Шрифт:
Огромная яма, мелкие ветки, груды хвои, ошметки коры — вот и все, что осталось от кедра: ни сучьев, ни ствола уже в помине не было. Из телефонного разговора с Андреасом Фогтман знал, что по ошибке срубили и это дерево, однако теперь, бросив взгляд в яму, он был потрясен жестокостью случившегося. Здесь, именно здесь стоял он тогда, чувствуя под пальцами шершавость коры, и освещенный дом и танцующие пары на террасе казались ему видением далекой несбыточной мечты. А ныне в этих стенах обитает всего-навсего жалкий обломок прошлого, опустившийся пьянчуга, которого пора наконец отсюда выдворить. Серые жалюзи закрывали окна — вилла будто изготовилась к обороне. Но оборона утратила смысл. Война отгремела, исход ее уже решен. Между черной ямой, оставшейся после кедра, и истоптанной лужайкой у террасы царил мокрый хаос разорения, на который монотонно сыпался дождь.

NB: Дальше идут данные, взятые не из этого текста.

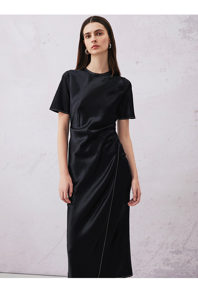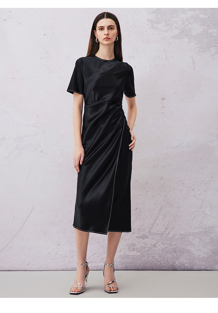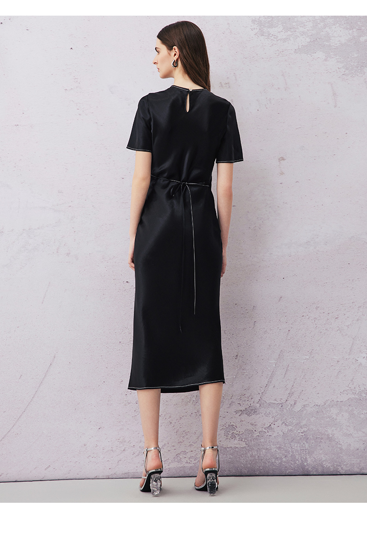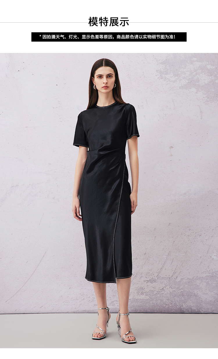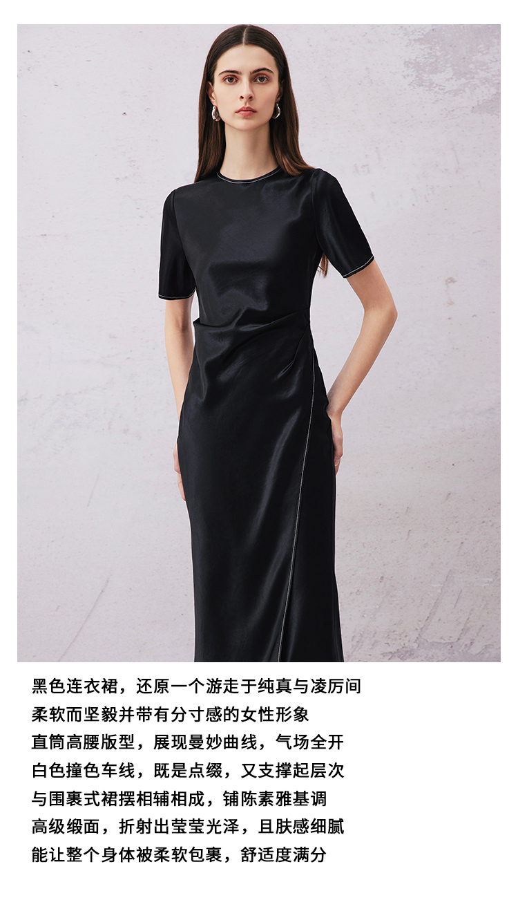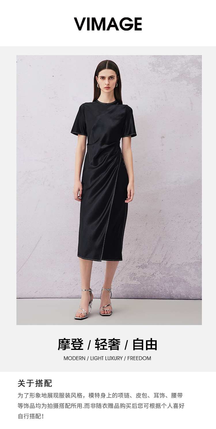 VIMAGE纬漫纪夏季新款时尚纯色气质收腰显瘦法式优雅连衣裙V2107707

Надо смотреть фактам в глаза, если ты намерен действовать и что-то менять. Ведь в конце концов меняется все, ничто не остается таким, каким было когда-то. Вот что говорил себе Фогтман, медленно и осторожно пробираясь по мокрой лужайке, по вздыбленной, скользкой земле, обходя пни, бревна, ямы на пути к дому, ближайшие окрестности которого не были тронуты разрушением, но тоже казались серыми, заброшенными, неживыми: теперь было именно так, и нет причин ворошить минувшее и заново переосмысливать все, что уже стало явью, — ни причин нет, ни времени. Надо заниматься насущными делами, он чувствует, это пойдет ему на пользу. Наверное, правильней было бы даже снести виллу, а на ее месте воздвигнуть еще одну новостройку. Необходимо со всей серьезностью обдумать и такую возможность и — если этот вариант выгодней — обязательно так и сделать.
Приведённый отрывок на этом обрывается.